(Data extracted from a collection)
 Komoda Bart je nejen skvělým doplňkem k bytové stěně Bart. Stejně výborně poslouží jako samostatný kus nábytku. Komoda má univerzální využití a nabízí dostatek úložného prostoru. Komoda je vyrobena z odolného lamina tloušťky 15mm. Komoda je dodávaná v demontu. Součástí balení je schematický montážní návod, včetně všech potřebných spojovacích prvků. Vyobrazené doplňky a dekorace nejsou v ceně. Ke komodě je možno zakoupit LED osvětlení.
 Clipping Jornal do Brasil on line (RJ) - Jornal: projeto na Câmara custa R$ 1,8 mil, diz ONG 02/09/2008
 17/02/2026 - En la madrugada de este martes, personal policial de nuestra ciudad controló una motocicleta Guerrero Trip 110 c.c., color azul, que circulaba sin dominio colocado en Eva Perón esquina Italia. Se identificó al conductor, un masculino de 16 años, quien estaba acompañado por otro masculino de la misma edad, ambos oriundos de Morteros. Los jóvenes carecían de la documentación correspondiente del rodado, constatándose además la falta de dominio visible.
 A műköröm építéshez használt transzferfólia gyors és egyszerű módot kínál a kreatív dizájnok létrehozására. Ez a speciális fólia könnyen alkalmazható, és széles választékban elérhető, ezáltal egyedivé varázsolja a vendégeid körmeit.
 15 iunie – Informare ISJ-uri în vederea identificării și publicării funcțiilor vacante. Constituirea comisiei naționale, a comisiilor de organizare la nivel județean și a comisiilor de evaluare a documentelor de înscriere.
==
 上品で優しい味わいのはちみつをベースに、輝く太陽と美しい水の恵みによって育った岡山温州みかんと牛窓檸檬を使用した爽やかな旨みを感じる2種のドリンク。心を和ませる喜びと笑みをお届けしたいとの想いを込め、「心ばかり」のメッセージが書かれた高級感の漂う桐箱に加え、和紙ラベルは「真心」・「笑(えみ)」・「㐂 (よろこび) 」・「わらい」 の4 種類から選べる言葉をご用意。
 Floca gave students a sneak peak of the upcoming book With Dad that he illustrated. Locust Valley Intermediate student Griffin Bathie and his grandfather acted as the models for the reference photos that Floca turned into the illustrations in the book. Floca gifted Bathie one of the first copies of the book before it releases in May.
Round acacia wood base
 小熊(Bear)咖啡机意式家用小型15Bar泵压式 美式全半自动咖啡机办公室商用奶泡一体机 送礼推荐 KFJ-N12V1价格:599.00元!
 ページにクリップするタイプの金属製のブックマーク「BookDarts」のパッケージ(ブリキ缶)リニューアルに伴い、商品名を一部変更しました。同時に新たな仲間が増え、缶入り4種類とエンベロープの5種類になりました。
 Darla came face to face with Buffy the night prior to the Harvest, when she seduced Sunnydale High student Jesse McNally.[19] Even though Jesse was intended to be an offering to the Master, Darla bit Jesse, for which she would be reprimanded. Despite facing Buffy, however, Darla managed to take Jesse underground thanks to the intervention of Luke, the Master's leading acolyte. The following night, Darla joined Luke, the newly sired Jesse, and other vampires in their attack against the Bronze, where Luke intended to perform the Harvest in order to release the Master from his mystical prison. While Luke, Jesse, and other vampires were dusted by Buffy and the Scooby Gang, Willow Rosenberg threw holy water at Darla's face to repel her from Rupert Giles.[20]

**What is required**
Please filter the entries for the word "student" and copy the lines that have it.

**Answer for the task**
 Floca gave students a sneak peak of the upcoming book With Dad that he illustrated. Locust Valley Intermediate student Griffin Bathie and his grandfather acted as the models for the reference photos that Floca turned into the illustrations in the book. Floca gifted Bathie one of the first copies of the book before it releases in May.
 Darla came face to face with Buffy the night prior to the Harvest, when she seduced Sunnydale High student Jesse McNally.[19] Even though Jesse was intended to be an offering to the Master, Darla bit Jesse, for which she would be reprimanded. Despite facing Buffy, however, Darla managed to take Jesse underground thanks to the intervention of Luke, the Master's leading acolyte. The following night, Darla joined Luke, the newly sired Jesse, and other vampires in their attack against the Bronze, where Luke intended to perform the Harvest in order to release the Master from his mystical prison. While Luke, Jesse, and other vampires were dusted by Buffy and the Scooby Gang, Willow Rosenberg threw holy water at Darla's face to repel her from Rupert Giles.[20]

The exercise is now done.